Loss of skills and experience is also a growing problem as the most
productive members of the household die before they are able to pass on
their experience and specialist skills to the next generation.
This reduces the ability of other members of the household to recover from
expenses incurred. Further pressure is also placed on the household budget
as cash is used to pay for medication, and time of family members is
diverted away from other activities (like farming) to caring for the sick.
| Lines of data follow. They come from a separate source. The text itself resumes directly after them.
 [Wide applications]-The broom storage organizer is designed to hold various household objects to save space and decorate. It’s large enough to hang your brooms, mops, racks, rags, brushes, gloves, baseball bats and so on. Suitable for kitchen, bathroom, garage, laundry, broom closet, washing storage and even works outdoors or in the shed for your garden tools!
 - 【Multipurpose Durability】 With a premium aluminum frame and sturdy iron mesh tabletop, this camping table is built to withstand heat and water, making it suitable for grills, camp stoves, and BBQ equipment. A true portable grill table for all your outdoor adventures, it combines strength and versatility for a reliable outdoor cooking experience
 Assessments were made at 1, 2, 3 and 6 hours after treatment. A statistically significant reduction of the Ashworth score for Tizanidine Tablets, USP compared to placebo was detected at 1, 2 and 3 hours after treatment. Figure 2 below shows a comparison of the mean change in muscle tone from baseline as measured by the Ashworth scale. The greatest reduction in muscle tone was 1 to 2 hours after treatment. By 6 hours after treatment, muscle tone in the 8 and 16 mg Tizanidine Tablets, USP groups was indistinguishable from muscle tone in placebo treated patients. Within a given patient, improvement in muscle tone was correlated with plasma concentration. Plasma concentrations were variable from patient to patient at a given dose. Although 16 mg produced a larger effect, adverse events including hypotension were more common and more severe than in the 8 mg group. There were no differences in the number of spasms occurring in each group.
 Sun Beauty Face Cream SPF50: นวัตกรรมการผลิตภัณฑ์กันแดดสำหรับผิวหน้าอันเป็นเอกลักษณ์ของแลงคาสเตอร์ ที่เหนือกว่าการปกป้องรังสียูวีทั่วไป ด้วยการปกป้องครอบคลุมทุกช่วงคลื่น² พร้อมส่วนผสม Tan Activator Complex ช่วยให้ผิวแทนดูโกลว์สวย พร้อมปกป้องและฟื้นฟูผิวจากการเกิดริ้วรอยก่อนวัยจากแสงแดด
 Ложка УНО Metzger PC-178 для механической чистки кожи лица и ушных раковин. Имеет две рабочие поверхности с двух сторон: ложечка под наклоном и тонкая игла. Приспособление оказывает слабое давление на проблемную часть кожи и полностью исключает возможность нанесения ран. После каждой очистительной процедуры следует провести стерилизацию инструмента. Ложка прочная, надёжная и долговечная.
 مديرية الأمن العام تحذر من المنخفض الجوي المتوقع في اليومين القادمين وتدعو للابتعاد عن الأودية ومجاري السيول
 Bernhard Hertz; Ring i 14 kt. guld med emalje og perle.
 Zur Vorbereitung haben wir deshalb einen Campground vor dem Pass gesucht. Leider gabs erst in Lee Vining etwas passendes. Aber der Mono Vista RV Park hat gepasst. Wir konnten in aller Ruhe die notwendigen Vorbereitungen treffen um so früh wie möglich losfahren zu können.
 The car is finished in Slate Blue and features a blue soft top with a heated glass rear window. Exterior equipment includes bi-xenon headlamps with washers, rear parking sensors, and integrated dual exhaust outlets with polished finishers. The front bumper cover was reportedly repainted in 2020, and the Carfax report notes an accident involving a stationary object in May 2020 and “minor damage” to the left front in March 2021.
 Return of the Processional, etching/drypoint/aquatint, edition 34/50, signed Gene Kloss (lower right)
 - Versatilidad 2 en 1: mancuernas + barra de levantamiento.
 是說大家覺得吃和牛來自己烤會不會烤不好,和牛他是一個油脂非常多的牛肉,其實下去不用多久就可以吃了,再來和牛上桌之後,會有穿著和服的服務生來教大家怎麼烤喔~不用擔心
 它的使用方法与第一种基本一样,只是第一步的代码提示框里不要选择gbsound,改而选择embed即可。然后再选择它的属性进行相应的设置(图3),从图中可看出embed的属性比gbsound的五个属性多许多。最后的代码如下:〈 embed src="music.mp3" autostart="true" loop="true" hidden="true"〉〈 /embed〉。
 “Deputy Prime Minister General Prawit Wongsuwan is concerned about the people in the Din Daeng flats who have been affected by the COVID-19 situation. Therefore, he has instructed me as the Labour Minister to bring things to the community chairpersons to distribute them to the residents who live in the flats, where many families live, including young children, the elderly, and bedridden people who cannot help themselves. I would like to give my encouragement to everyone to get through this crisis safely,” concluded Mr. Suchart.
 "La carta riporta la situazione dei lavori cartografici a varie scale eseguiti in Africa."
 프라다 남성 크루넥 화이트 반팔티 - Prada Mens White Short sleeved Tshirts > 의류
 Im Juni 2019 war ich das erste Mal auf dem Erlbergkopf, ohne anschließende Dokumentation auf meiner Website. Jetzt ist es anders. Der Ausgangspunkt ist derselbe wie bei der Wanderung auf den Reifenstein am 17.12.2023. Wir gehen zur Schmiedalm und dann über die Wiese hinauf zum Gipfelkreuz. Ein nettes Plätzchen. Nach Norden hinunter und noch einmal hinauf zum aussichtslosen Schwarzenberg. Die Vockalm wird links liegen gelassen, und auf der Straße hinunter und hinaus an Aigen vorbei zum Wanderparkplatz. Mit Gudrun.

Households' ability to cope will also depend on the extent to which they
can adapt to the changes in household composition (age, gender) brought
about by HIV/AIDS, and their ability to take on new roles and
responsibilities. Policy makers and planners need to note these changing
relationships in households as they will affect both with whom they
engage and how they plan interventions.
HIV/AIDS also impacts on the use of resources. Ill health, and time
spend in caring for sick, reduces time spent in farming, leading to under
utilization of resources and reduced productivity. In some cases this has
resulted in changing use of land as households move away from more to less
labour intensive, and often less nutritious, type of crops. In some cases
land has even been left fallow or abandoned. Other households have been
tempted to rent out or sell their land in order to raise extra income to
meet additional household expenses due to HIV/AIDS. Selling off
productive resources like land and farming implements has critical
long-term implications for the household, increasing their vulnerability
and sustainability in the long term. Forced removal of widows from land
and property grabbing has also become issues that need urgent attention
from policy makers and land officials.
Mr Mullins also looked at the impact of HIV/AIDS on institutions such as health, welfare and the Department of Land Affairs and Agriculture. HIV/AIDS has implications for their sustainability, effectiveness and ability to cope with increased demands. He noted that HIV/AIDS would increasingly impact on and change the environment of institutions. People and cliental, as well as ways of working with people, will change; and there is likely to be a significant effect on morale. The internal capacity of organisations will also be affected as more staff become infected and affected. Most notably, as infection rates increase, so too will absenteeism and staff productivity decrease. This will be coupled with increasing financial costs to the institution in retraining staff to replace those who fall ill and die, severance and hiring, loss of time, drain on medical aid funds, increased death benefits and pension payouts. Staff turnover will also increase as staff get sick and need to be replaced, and competition for skilled staff will increase as the pool of skilled and experienced individuals is reduced.
He said the result of the above scenario is that we need to assess and reassess regularly the quality and relevance of the current services our institutions provide. We may find that we need to be addressing things differently. We should also be asking what we should be doing to safeguard our business and ourselves so that we are sustainable in the future.